28. Isto porque certamente não é constitucionalmente protegida a 'fundamentação por remissão' das decisões dos tribunais (muito menos daquela que decreta a prisão preventiva), antes pelo contrário, salvo sempre o devido respeito.
29. E o dever de observância de fundamentação na forma da lei, do despacho que decreta a prisão preventiva, que guarda expressa e necessária correspondência com os outros direitos, liberdades e garantias fundamentais antes referidos, não pode ser posto de lado para que se consagre, salvo o devido respeito, o proibido uso de remissão que, aliás, pelo próprio douto acórdão recorrido não apenas seria desde logo 'censurável no âmbito de uma boa prática judiciária', como não
é admitido nem mesmo no âmbito do processo civil (artigo 158º do CPC), que nem mesmo trata da limitação cautelar da liberdade dos cidadãos ( que envolve restrição de direito fundamental consagrado na CRP).
30. Sempre com o devido respeito, admitir-se como conforme com as referidas disposições da Constituição da República, a fundamentação do despacho que decreta a prisão preventiva por remissão (para remissão), não apenas seria impor uma incompatível 'marcha atrás' ao pretendido reforço do dever de fundamentação das decisões dos tribunais, consagrado na última Revisão Constitucional, como implicaria em admitir-se uma situação que, dentro em breve, fará com que os tribunais de recurso sejam indevidamente onerados com a necessidade de decidir não apenas do mérito da decisão que decreta tal medida extrema de coacção, como seria de rigor, mas também se tal remissão operou-se ou não de modo a prejudicar os já referidos direitos dos cidadãos, bem ainda o de acesso à tutela jurisdicional efectiva e em tempo útil, consagrado no artigo 20º da CRP que obviamente busca privilegiar as decisões de mérito, em detrimento das decisões de forma).

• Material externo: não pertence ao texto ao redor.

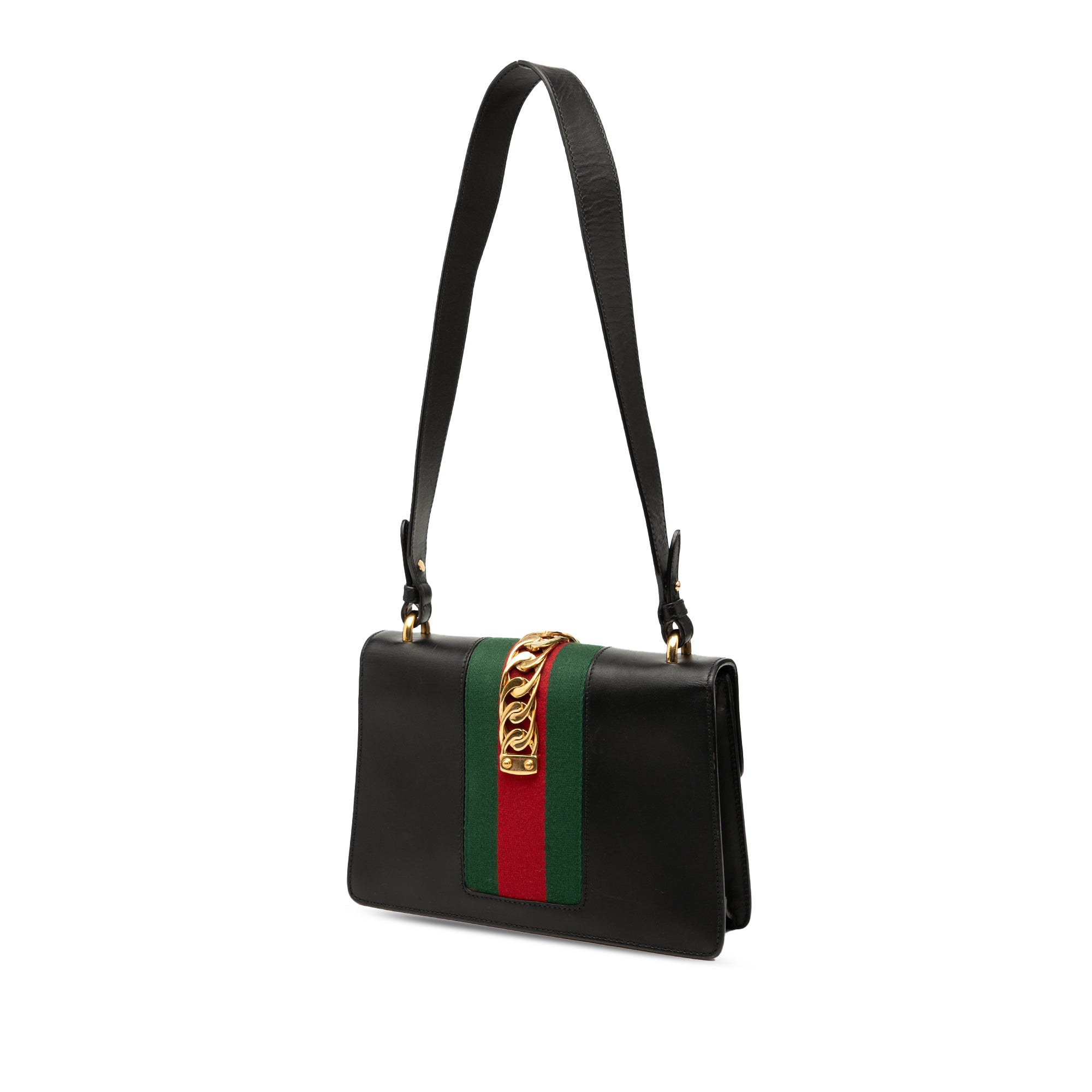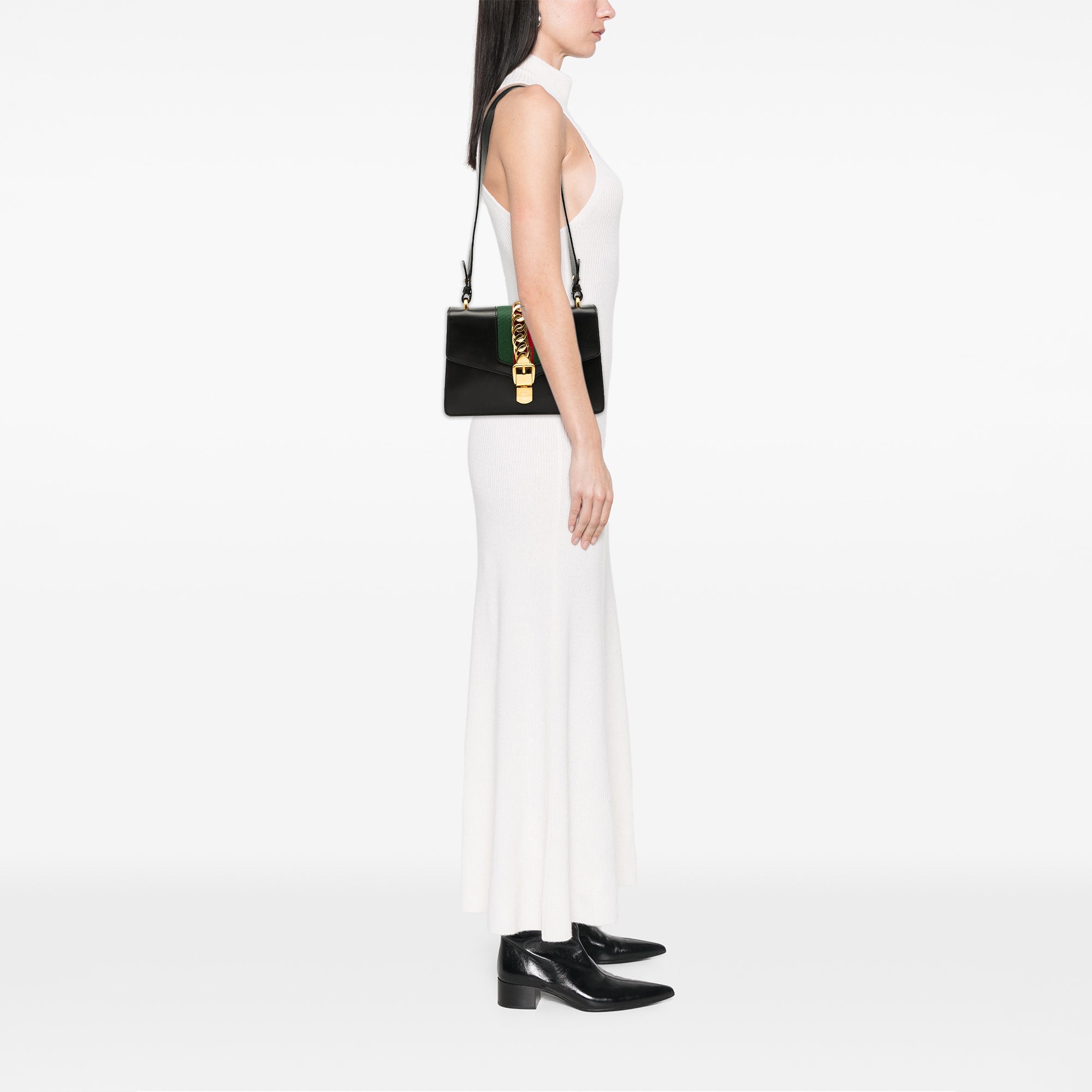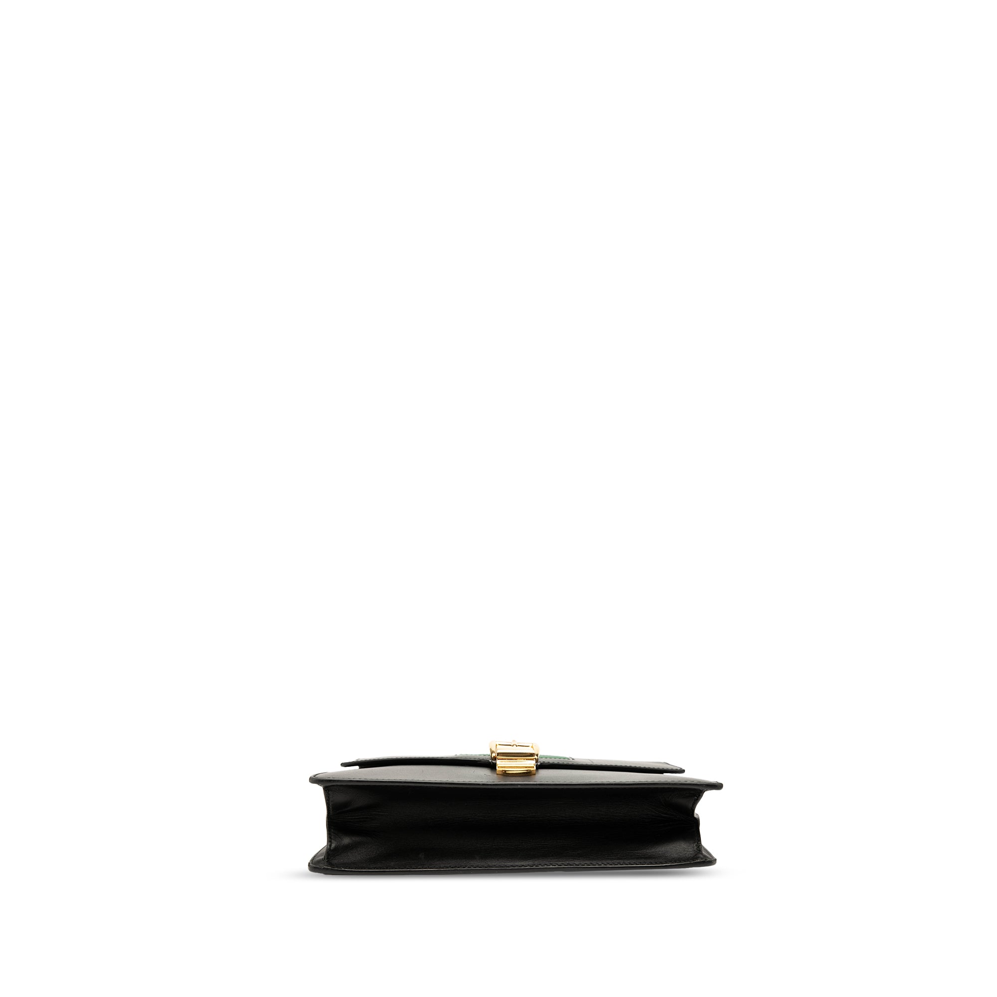 The Sylvie features a leather body, a detachable flat leather shoulder strap, a detachable canvas strap, a front flap with push lock closure, and interior zip and slip pockets. Retail Price: 1800.00

31. E como decorre naturalmente de tal condição, os artigos 118º, 119º, 121º,
122º e 123º do CPP, são materialmente inconstitucionais, por violação das referidas disposições da CRP, na parte em que aplicados e interpretados no sentido de que 'a fundamentação do despacho que decreta a prisão preventiva, por remissão para razões - que faz suas - de outras peças processuais, configura mera irregularidade, nos termos do artigo 123º do CPP', tal como constou da decisão recorrida.
32. Inconstitucionalidade que o Recorrente pede seja reconhecida por este Venerando Tribunal Constitucional, que poderia talvez até ser qualificada de manifesta, pelo simples facto de que o sistema de nulidades do CPP veio estabelecido anteriormente à nova realidade Constitucional, razão porque não poderia dar integral solução a questões que anteriormente não se colocavam.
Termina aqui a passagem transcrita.